(Work instruction):
When you copy the material below, keep every line exact and drop the pictures.

(Source data):
__________
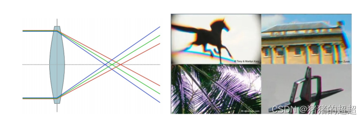 透镜折射率随光的波长而变化,同一物点发出的不同颜色光线无法聚焦于同一像点
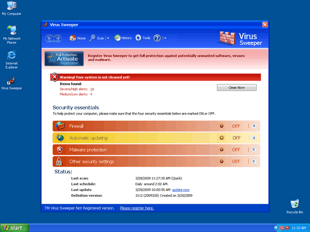 Virus Sweeper may be one of those programs that are advertised on a malicious website and once installed will start to display numerous popup messages or system notifications with bogus warnings of computer infections. Virus Sweeper may load at each boot process of Windows. Virus Sweeper was programmed by its makers to cohort you into purchasing a full version of the Virus Sweeper application which ends up being a complete waste of money. Virus Sweeper is nothing but a scam and should be removed the very moment that you detect it or find out that it is running on your computer.
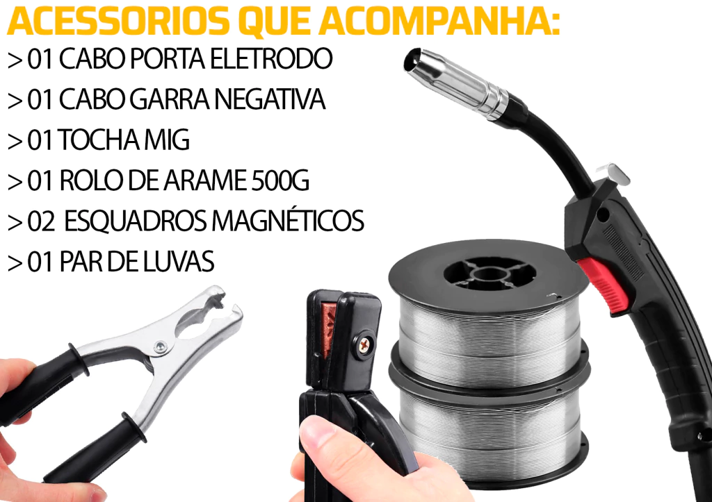 > Essa máquina utiliza arames de 1kg sem gás, regulador de corrente e velocidade de arame.
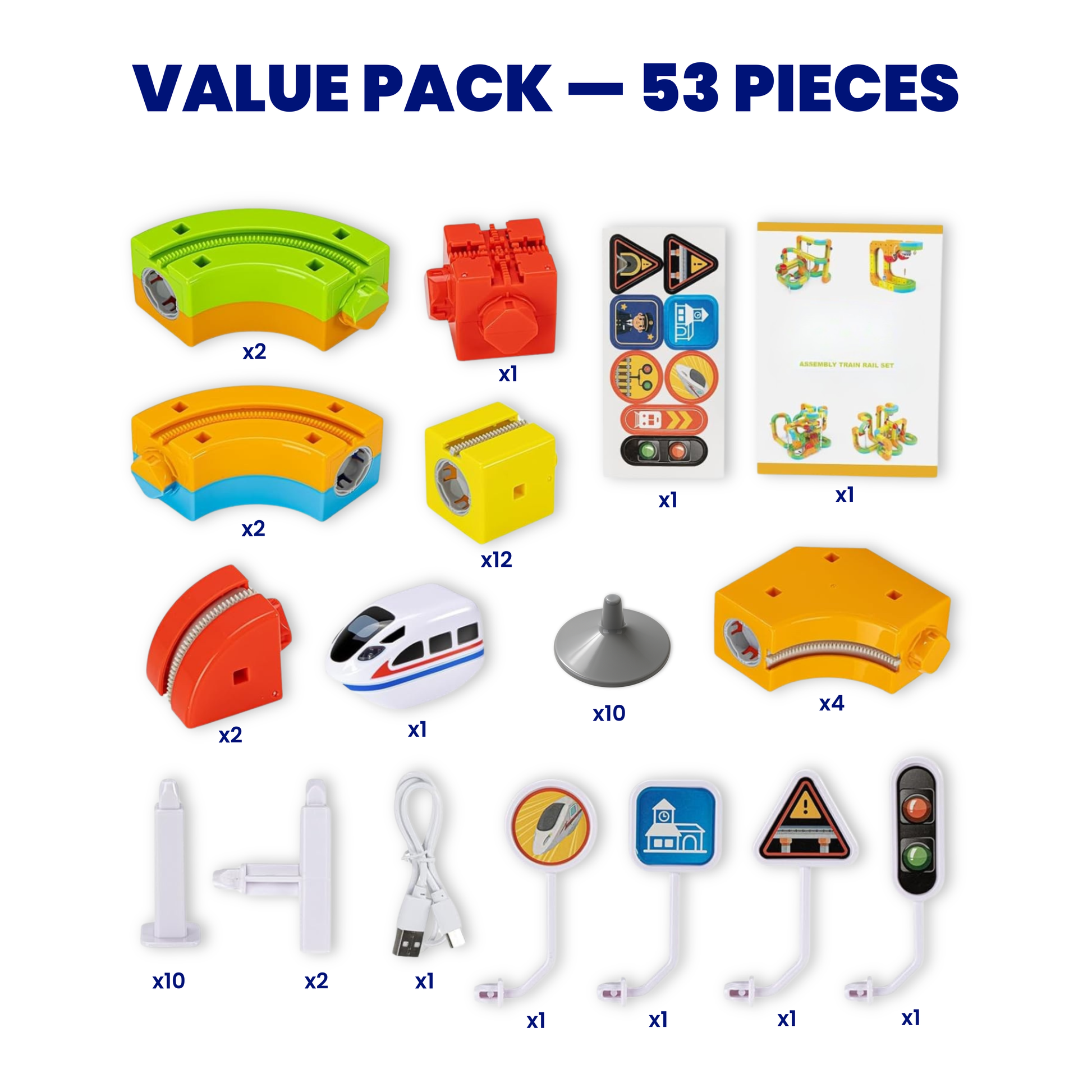 The 35PCS is a starter set, many families later upgrade since kids often want to design more complex shapes. The Value & Deluxe sets are ideal for creating longer tracks that allows for kids to be entertained for longer playtime.
__________
(Response):
 透镜折射率随光的波长而变化,同一物点发出的不同颜色光线无法聚焦于同一像点
 Virus Sweeper may be one of those programs that are advertised on a malicious website and once installed will start to display numerous popup messages or system notifications with bogus warnings of computer infections. Virus Sweeper may load at each boot process of Windows. Virus Sweeper was programmed by its makers to cohort you into purchasing a full version of the Virus Sweeper application which ends up being a complete waste of money. Virus Sweeper is nothing but a scam and should be removed the very moment that you detect it or find out that it is running on your computer.
 > Essa máquina utiliza arames de 1kg sem gás, regulador de corrente e velocidade de arame.
 The 35PCS is a starter set, many families later upgrade since kids often want to design more complex shapes. The Value & Deluxe sets are ideal for creating longer tracks that allows for kids to be entertained for longer playtime.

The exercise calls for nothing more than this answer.